**ACTIVITY**
Leave out the pictures and give back all the entries exactly as written.

..............................

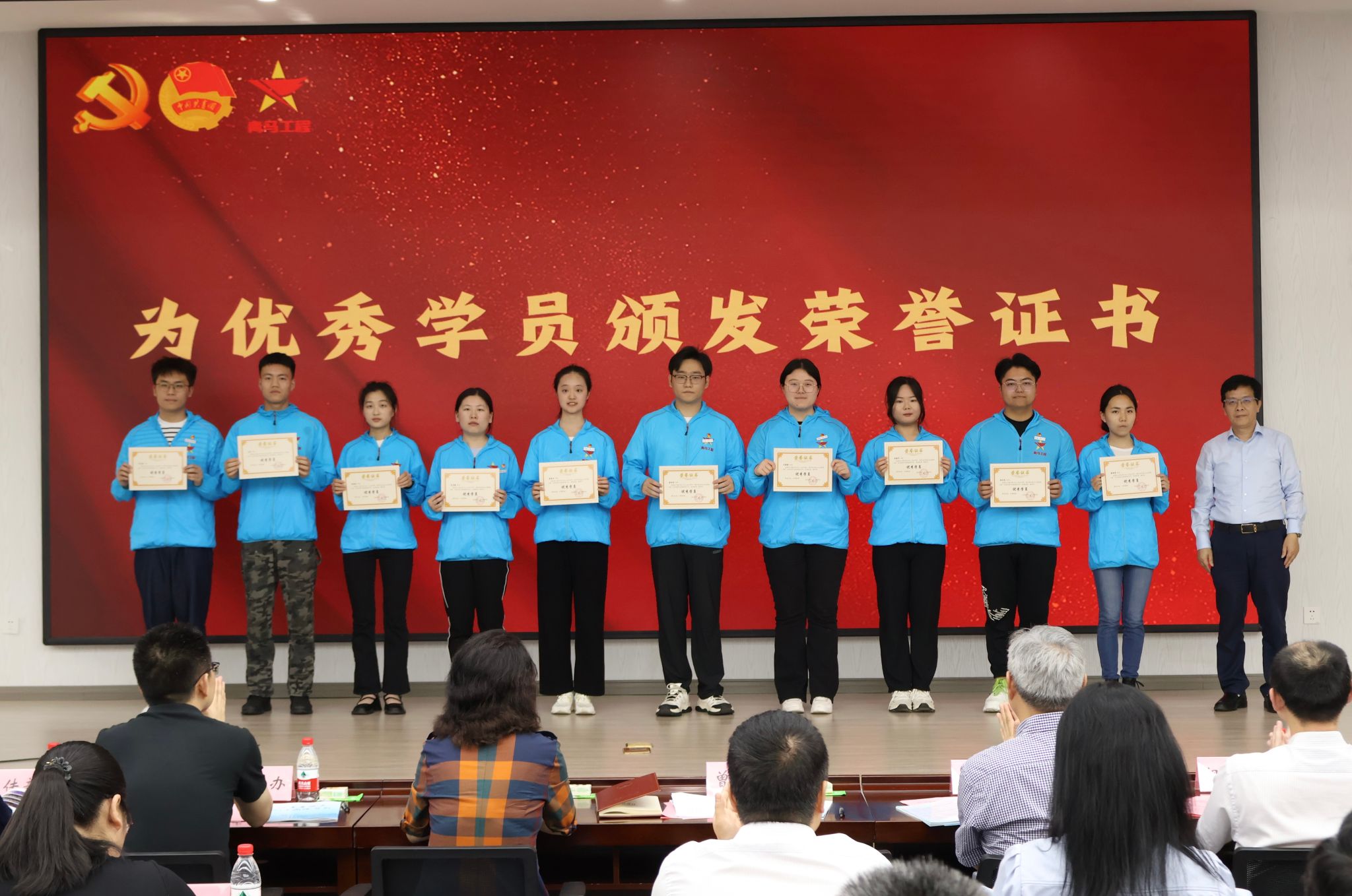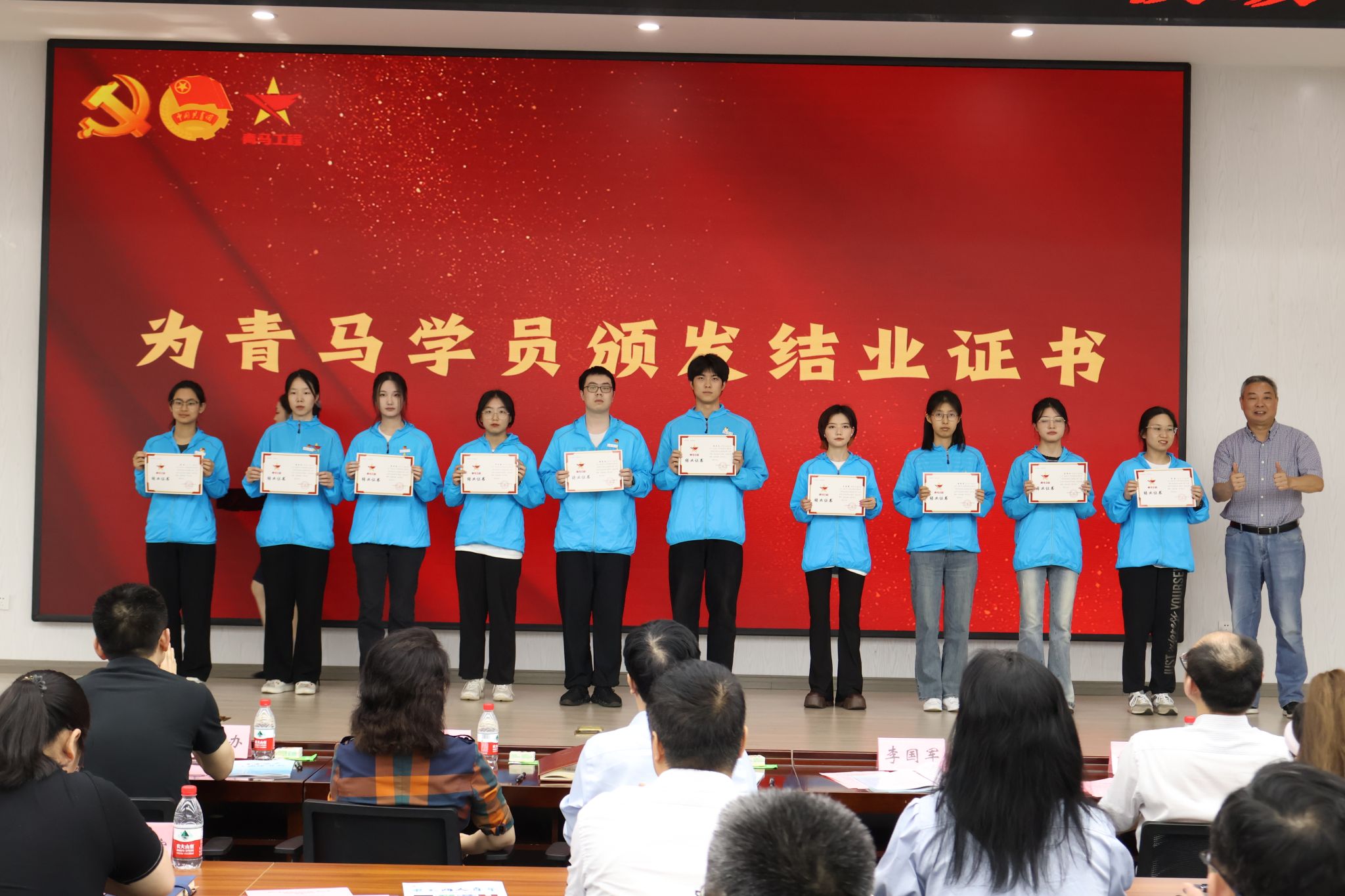 曾维伦为优秀学员代表颁发荣誉证书,宋豫为“青马学员说”微视频比赛获奖作品颁奖,李国军颁发青马学员结业证书。
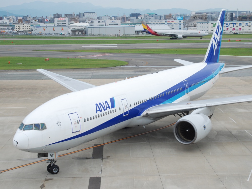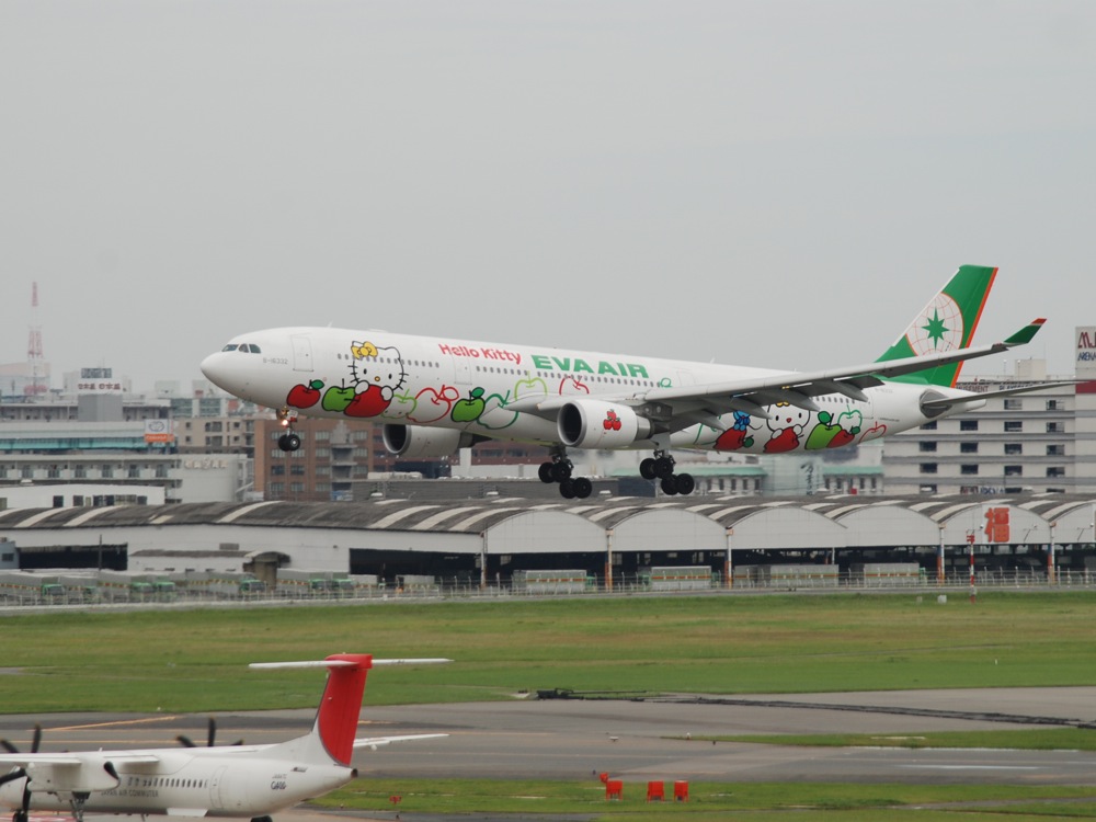それらのサービスを楽しんでいると、福岡空港へはすぐに着いてしまいました。この日は風が強めだったのか、少々揺れての着陸進入となりましたが、天候が雨ではなかったのが救いだったでしょうか。…と言うのは、この日は結構時間に余裕をもって来たので、飛行機撮影に挑もうと思っていたからです(笑)。…とは言え、スーツケースを引いての行動だったので、展望デッキから撮るだけに留まりましたが(笑)、福岡空港の展望デッキは、飛行機や滑走路が近く望めるのも魅力であり、今回も色々と収穫はありました。風は依然強くなっているようで、台北から到着したエバー航空(左下写真参照)の機体は、着陸を直前に断念し、そのままゴーアラウンドしていくという、とても迫力ある姿を見る事も出来ました。こうして自分は、元気を蓄えていくわけです(笑)。
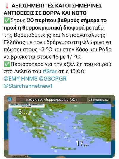 Σύμφωνα με ανάρτηση του Θοδωρή Κολυδά για τον καιρό, η διαφορά στη θερμοκρασία έφτασε στους 20 βαθμούς Κελσίου μεταξύ της Βορειοδυτικής και Νοτιοανατολικής Ελλάδος, καθώς ο υδράργυρος στη Φλώρινα έπεσε στους -3 °C και στην Κάσο και Ρόδο να βρίσκεται στους 16 με 17 °C.
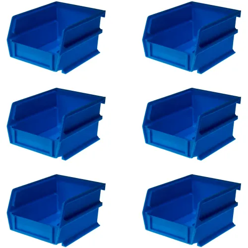 Triton Products LocBin Wall Storage, 5-3/8"L x 4-1/8"W x 3"H, Blue, Polypropylene, Pack of 6
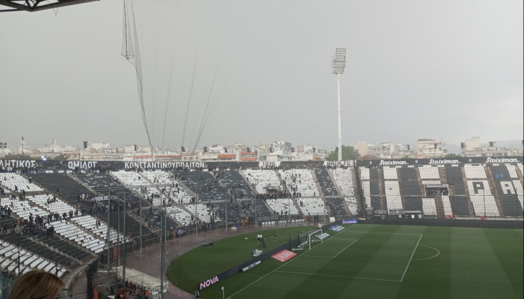 Ωστόσο, ο καιρός τα χάλασε στους οπαδούς του ΠΑΟΚ καθώς μία πολύ δυνατή βροχόπτωση τούς ανάγκασε να εγκαταλείψουν τις θέσεις τους, αναζητώντας στέγη!
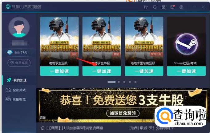 打开后的界面如图所示,可以看到在2网易uu加速器中有“绝地求生韩服”,并且下方有“我要加速”,点击“我要加速”
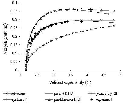 Podívejme se na graf závislostí vzepětí prutu na velikosti vzpěrné síly F (viz obr. 2) a také na deformované tvary odvozeného řešení, přesného řešení [3] a experimentu (viz obr. 3).
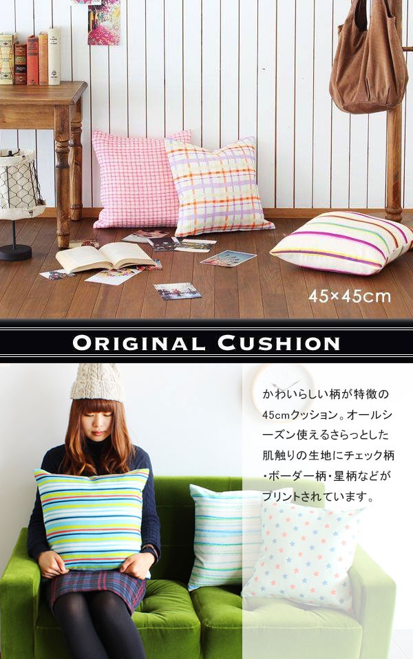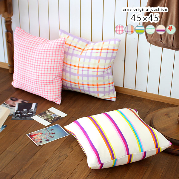 クッション 45×45 45 正方形 かわいい 45×45 北欧 車 チェック ストライプ 腰痛 四角 中材 子供 △
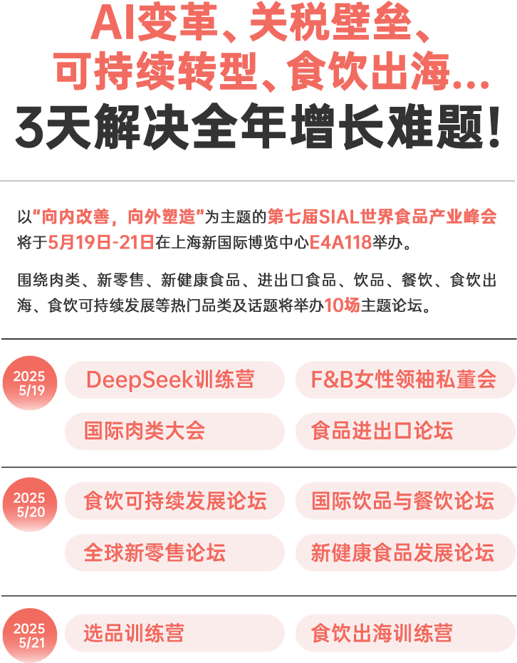 *請注意,本屆峰會門票不包含SIAL西雅展(上海)參觀門票,請您盡快完成展會實名注冊 |

..............................

**EXPECTED ANSWER**
 曾维伦为优秀学员代表颁发荣誉证书,宋豫为“青马学员说”微视频比赛获奖作品颁奖,李国军颁发青马学员结业证书。
それらのサービスを楽しんでいると、福岡空港へはすぐに着いてしまいました。この日は風が強めだったのか、少々揺れての着陸進入となりましたが、天候が雨ではなかったのが救いだったでしょうか。…と言うのは、この日は結構時間に余裕をもって来たので、飛行機撮影に挑もうと思っていたからです(笑)。…とは言え、スーツケースを引いての行動だったので、展望デッキから撮るだけに留まりましたが(笑)、福岡空港の展望デッキは、飛行機や滑走路が近く望めるのも魅力であり、今回も色々と収穫はありました。風は依然強くなっているようで、台北から到着したエバー航空(左下写真参照)の機体は、着陸を直前に断念し、そのままゴーアラウンドしていくという、とても迫力ある姿を見る事も出来ました。こうして自分は、元気を蓄えていくわけです(笑)。
 Σύμφωνα με ανάρτηση του Θοδωρή Κολυδά για τον καιρό, η διαφορά στη θερμοκρασία έφτασε στους 20 βαθμούς Κελσίου μεταξύ της Βορειοδυτικής και Νοτιοανατολικής Ελλάδος, καθώς ο υδράργυρος στη Φλώρινα έπεσε στους -3 °C και στην Κάσο και Ρόδο να βρίσκεται στους 16 με 17 °C.
 Triton Products LocBin Wall Storage, 5-3/8"L x 4-1/8"W x 3"H, Blue, Polypropylene, Pack of 6
 Ωστόσο, ο καιρός τα χάλασε στους οπαδούς του ΠΑΟΚ καθώς μία πολύ δυνατή βροχόπτωση τούς ανάγκασε να εγκαταλείψουν τις θέσεις τους, αναζητώντας στέγη!
 打开后的界面如图所示,可以看到在2网易uu加速器中有“绝地求生韩服”,并且下方有“我要加速”,点击“我要加速”
 Podívejme se na graf závislostí vzepětí prutu na velikosti vzpěrné síly F (viz obr. 2) a také na deformované tvary odvozeného řešení, přesného řešení [3] a experimentu (viz obr. 3).
 クッション 45×45 45 正方形 かわいい 45×45 北欧 車 チェック ストライプ 腰痛 四角 中材 子供 △
 *請注意,本屆峰會門票不包含SIAL西雅展(上海)參觀門票,請您盡快完成展會實名注冊 |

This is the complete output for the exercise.